◆ **Records supplied**
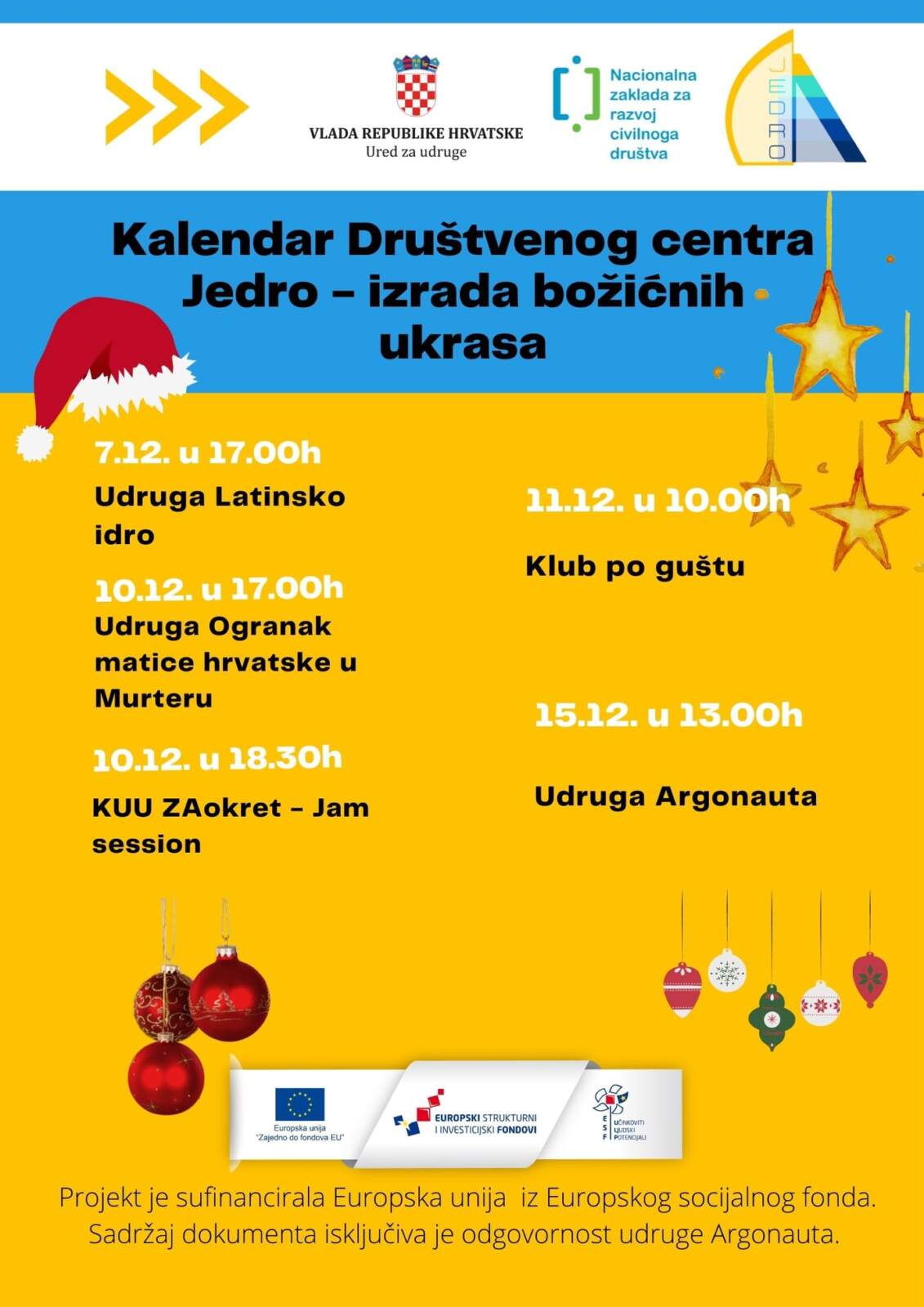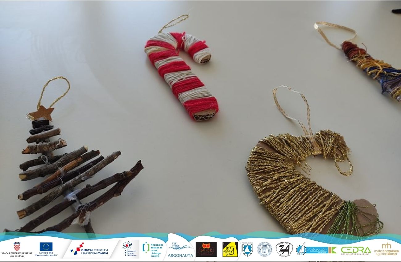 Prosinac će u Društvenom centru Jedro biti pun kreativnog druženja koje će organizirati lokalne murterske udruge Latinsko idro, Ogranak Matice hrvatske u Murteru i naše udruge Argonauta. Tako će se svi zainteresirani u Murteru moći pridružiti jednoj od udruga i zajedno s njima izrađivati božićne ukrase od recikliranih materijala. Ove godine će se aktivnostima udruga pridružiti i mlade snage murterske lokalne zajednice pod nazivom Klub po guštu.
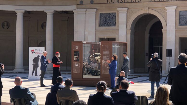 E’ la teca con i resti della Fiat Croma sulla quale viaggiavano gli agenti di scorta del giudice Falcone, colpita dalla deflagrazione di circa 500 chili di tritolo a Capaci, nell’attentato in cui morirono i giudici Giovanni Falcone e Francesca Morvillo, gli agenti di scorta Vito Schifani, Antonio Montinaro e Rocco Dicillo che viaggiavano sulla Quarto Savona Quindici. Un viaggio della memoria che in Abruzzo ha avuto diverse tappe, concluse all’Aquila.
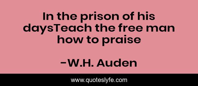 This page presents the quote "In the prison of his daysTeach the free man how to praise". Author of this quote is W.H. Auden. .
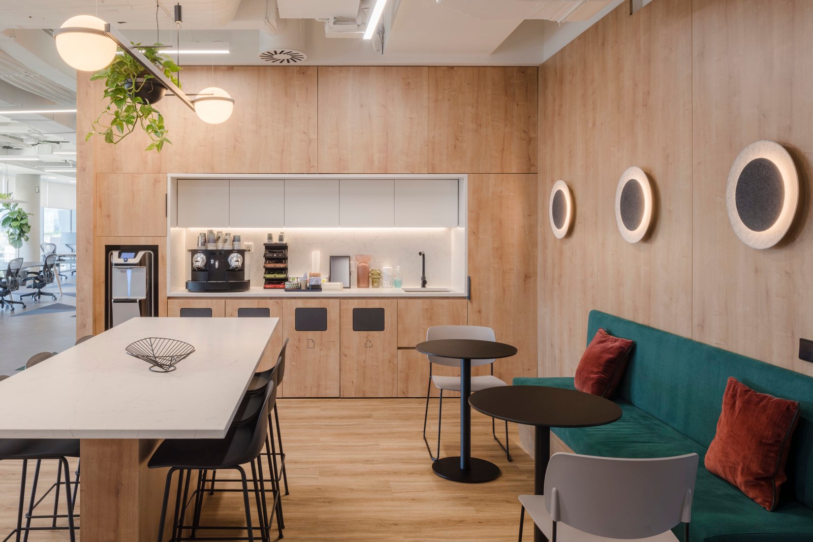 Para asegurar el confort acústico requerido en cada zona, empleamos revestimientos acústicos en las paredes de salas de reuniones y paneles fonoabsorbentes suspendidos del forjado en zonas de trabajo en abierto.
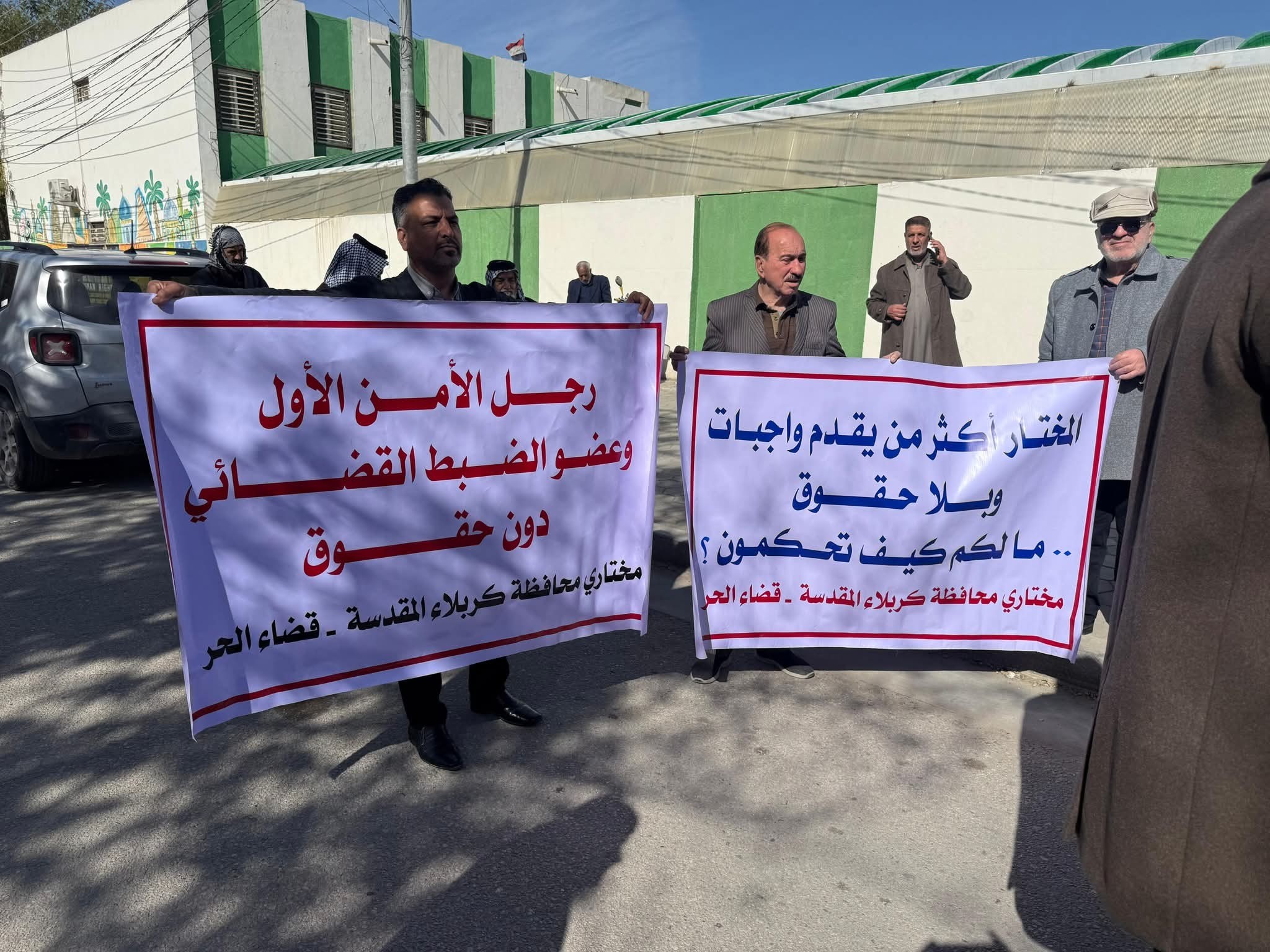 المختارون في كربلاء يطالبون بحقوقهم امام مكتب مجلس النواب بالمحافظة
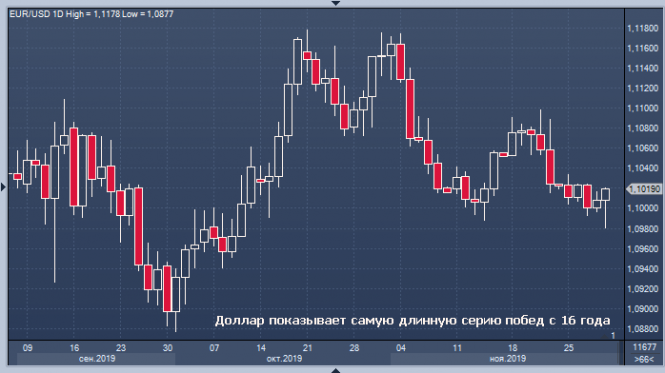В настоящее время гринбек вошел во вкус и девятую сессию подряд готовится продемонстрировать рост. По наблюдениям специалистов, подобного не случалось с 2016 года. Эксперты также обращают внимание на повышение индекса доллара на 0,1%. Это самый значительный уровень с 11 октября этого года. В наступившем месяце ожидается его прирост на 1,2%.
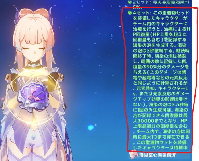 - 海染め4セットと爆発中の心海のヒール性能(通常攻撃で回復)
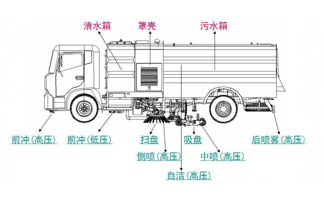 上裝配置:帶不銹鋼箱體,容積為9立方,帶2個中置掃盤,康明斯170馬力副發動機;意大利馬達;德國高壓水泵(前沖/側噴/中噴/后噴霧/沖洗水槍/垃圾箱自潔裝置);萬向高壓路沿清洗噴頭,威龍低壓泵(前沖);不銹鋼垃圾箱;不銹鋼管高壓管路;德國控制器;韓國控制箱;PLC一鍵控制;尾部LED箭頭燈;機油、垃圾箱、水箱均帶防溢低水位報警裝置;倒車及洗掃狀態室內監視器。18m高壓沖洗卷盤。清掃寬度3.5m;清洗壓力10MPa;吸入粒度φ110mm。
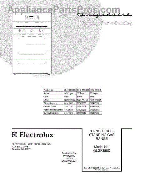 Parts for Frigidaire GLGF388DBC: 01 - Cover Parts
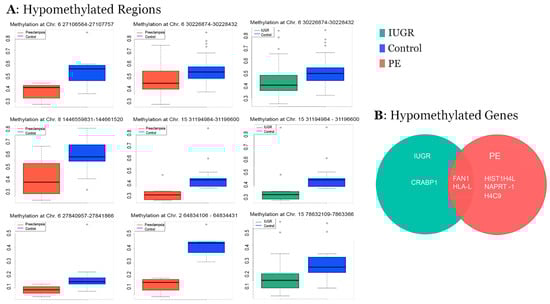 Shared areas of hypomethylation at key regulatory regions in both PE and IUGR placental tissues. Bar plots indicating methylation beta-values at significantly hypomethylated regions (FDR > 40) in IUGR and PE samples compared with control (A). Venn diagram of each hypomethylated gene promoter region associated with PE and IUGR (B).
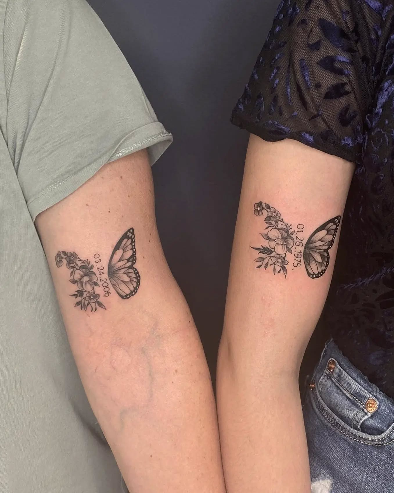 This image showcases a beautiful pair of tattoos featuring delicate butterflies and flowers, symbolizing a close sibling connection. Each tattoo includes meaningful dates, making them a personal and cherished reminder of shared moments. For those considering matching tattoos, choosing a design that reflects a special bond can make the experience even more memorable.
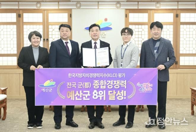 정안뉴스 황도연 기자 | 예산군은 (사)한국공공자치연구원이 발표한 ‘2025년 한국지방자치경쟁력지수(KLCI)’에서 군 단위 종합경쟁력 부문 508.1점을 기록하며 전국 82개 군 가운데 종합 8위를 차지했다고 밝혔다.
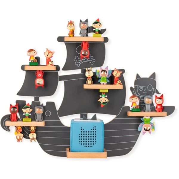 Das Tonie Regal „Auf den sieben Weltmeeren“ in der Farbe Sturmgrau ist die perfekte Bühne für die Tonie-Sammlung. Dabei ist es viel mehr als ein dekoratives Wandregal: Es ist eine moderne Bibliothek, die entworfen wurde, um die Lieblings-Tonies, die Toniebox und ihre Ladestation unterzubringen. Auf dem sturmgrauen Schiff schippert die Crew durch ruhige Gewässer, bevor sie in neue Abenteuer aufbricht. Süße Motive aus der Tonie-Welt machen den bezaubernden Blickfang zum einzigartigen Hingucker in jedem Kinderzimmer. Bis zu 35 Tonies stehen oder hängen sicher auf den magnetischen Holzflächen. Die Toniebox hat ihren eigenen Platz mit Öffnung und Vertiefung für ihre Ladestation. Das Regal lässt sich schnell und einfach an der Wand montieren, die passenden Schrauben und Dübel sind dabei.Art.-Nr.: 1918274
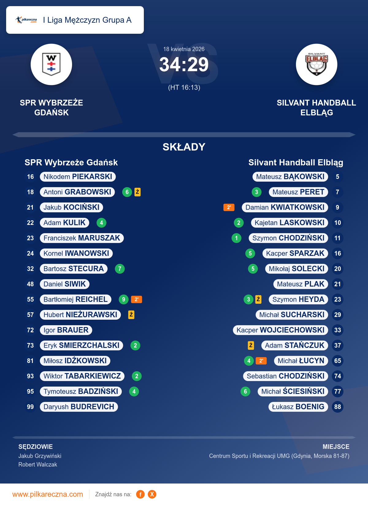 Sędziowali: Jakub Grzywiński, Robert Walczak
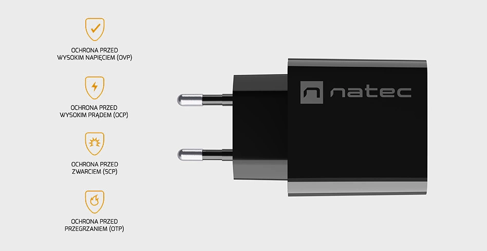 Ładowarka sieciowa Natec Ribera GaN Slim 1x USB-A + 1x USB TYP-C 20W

◆ **The problem**
With the pictures omitted, print the lines above exactly, beginning at the line with "В настоящее время" and going on through the line with "Parts for Frigidaire".

◆ **Solution to this exercise**
В настоящее время гринбек вошел во вкус и девятую сессию подряд готовится продемонстрировать рост. По наблюдениям специалистов, подобного не случалось с 2016 года. Эксперты также обращают внимание на повышение индекса доллара на 0,1%. Это самый значительный уровень с 11 октября этого года. В наступившем месяце ожидается его прирост на 1,2%.
 - 海染め4セットと爆発中の心海のヒール性能(通常攻撃で回復)
 上裝配置:帶不銹鋼箱體,容積為9立方,帶2個中置掃盤,康明斯170馬力副發動機;意大利馬達;德國高壓水泵(前沖/側噴/中噴/后噴霧/沖洗水槍/垃圾箱自潔裝置);萬向高壓路沿清洗噴頭,威龍低壓泵(前沖);不銹鋼垃圾箱;不銹鋼管高壓管路;德國控制器;韓國控制箱;PLC一鍵控制;尾部LED箭頭燈;機油、垃圾箱、水箱均帶防溢低水位報警裝置;倒車及洗掃狀態室內監視器。18m高壓沖洗卷盤。清掃寬度3.5m;清洗壓力10MPa;吸入粒度φ110mm。
 Parts for Frigidaire GLGF388DBC: 01 - Cover Parts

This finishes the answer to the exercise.